Don't forget if you want to be interviews, point out a mistake or have a suggestion then please get in touch as I want to do all I can to make this site as useful as possible. 

Sunday, 8 April 2012

Verapamil for treatment of Ledderhose Disease and related disorders

Verapamil gel for the treatment of Plantar Fibromas / Plantar Fibromatosis / Ledderhose Disease:

After my interview with Petricd I said I would do a post on Verapamil gel and so here it is. This is a gel which you rub on to the lump. It is advertised as for use with Dupuytren's and Ledderhose and a good place to go for information (albeit a place that is trying to sell the stuff) is pdlabs (1a).

How and why does Verapamil gel help a plantar fibroma / ledderhose disease?

Right so this is the bit where a little bit of research is required. I figure that a good place to start is the pdlabs website and for the purposes of this post I went to the Ledderhose disease section (1b). Here they explain that the nodules that form in Ledderhose disease or indeed Dupuytren's contracture are mainly caused by an excess of collagen and that one of the requirements for collagen production is calcium and that verapamil works as it is a calcium channel blocker. The idea is that in cells you have a battle between the production of collagen and the breakdown of collagen and in the disease cells the battle is being won by collagen production so it builds up but by adding in verapamil you reduce the levels of collagen production and turn the course of the war in the favour of collagen breakdown which it then ideally wins by breaking down the lump or they reach a stalemate by at least stopping progression. 

Results?: 

This is where is gets a bit tricky. So to start with I have referred to the book Dupuytren's Disease and related hyperproliferative disorders (2). They say that this is still a work in progress but that the reports that have been generated so far by users on the Dupuytren's online forum suggest that it does not work very well. A very good thread to look at here is this one. Some of the comments that members have are quite harsh and it makes you wonder about the validity of the results PDlabs say they have below. Anyway here are some quotes from the thread I have linked to above: 

Randy H - "Contact the folks at PD labs and ask for any published studies on the product for your particular usage. I doubt they have anything. I tried it anyway........with no results." 

Bruce - " ...it is a complete waste of money and time. These guys should be shut down for deception."

JimH- "It does nothing. Ask your MD what information he has regarding its effectiveness and I'll bet he admits he has none."

Debrr - "Just to let you know I gave up on verapamil. Overall, didn't seem to do anything for me."

If you have a look round the forum most of the reviews by members that have Dupuytren's, Ledderhose or both are negative but still on to the other side of things.

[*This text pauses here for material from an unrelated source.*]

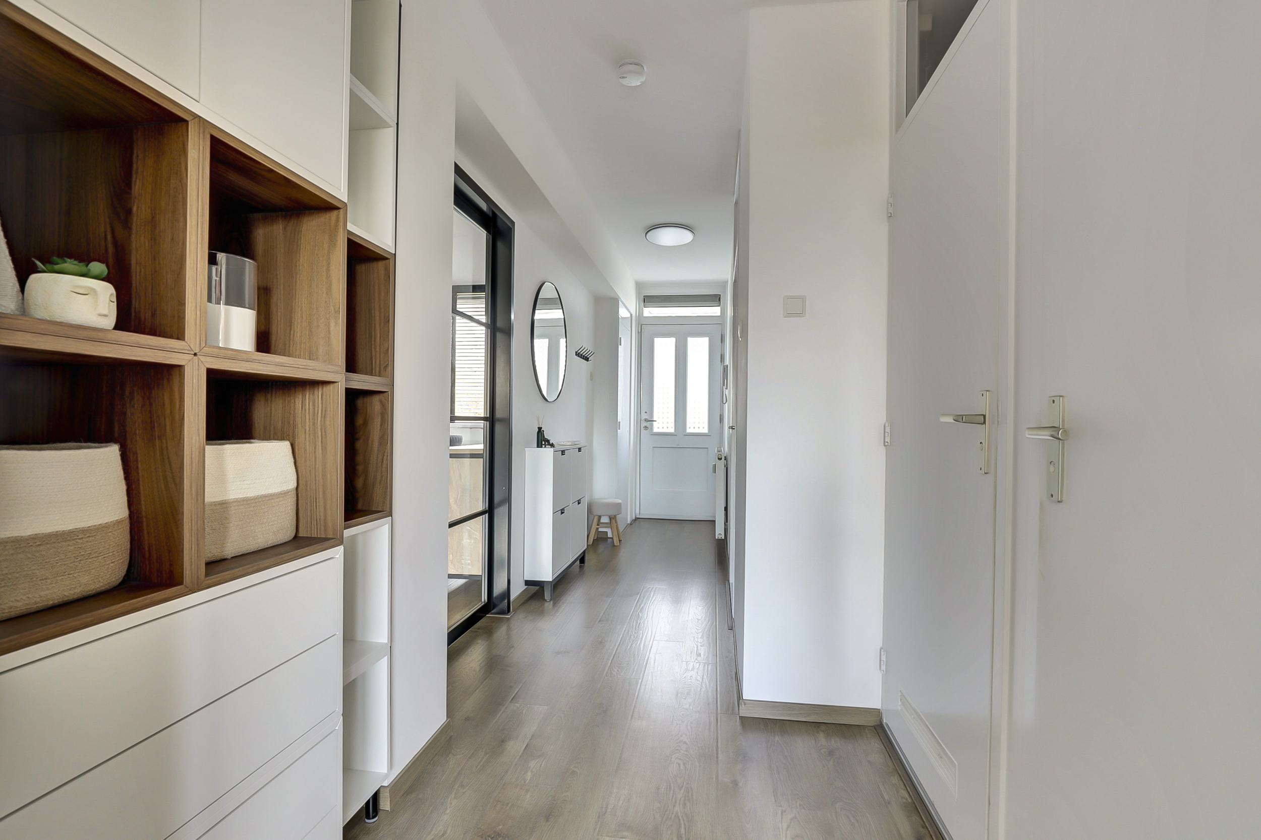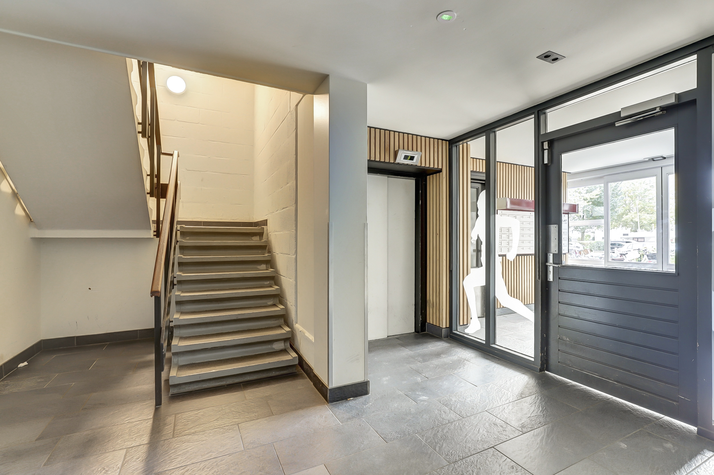 Bij aankomst treft u een nette entree met lift en trappenhuis. De gemeenschappelijke hal is modern afgewerkt met lichte wanden, natuurstenen vloer en houtaccenten, wat zorgt voor een warme uitstraling. Buiten is er veel groen, een speelveld en speeltoestellen — ideaal voor gezinnen of om rustig te ontspannen.
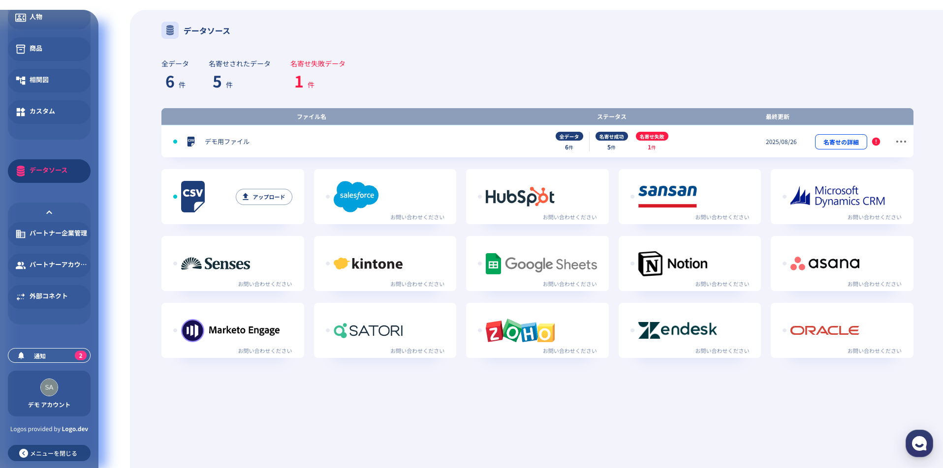 また、自社のCRMやSFAなどの顧客データベースと連携をすることができ、自社の顧客情報の名寄せや自社情報を使った企業検索、パートナーとの共同リスト管理なども行っていただけます。

So what do PDlabs say? Well they say that you need to be using this for 6-12 months and that those that are experience pain find that this is the first thing to disappear and that this usually happens within 90 days. They say that they are in the middle of clinical trials and that they are so far going very, see this page for details but to summarise they say that 100% of patients are experiencing a decrease in pain and most are having a decrease in size as well. 

Side Effects

As far as I am aware there are no side effects to using this on your feet, however it is also in use (though not for LD/DD treatment) in the form of a tablet which does have some side effects but I won't put them here as they might confuse things. 

Experience

I have had no experience with this but I have come across several posts on the Dupuytren's online forum but most of the people that have had this treatment have not got back to me. The one person that has though is the one that I mentioned earlier, Petricd, whom has had some success with verapamil on their Ledderhose but not their Dupuytren's. 

References

(1a) - http://pdlabs.net - Site accessed 07/04/2012 - a provider of Verapamil.
(1b) -http://pdlabs.net/plantar_fibromatosis/whatIsTvGel_plantar.html
(2) Dupuytren’s Disease and Related Hyperproliferative Disorders, Principles, Research, and Clinical Perspectives Eaton, C.; Seegenschmiedt, M.H.; Bayat, A.; Gabbiani, G.; Werker, P.; Wach, W. (Eds.) 2012.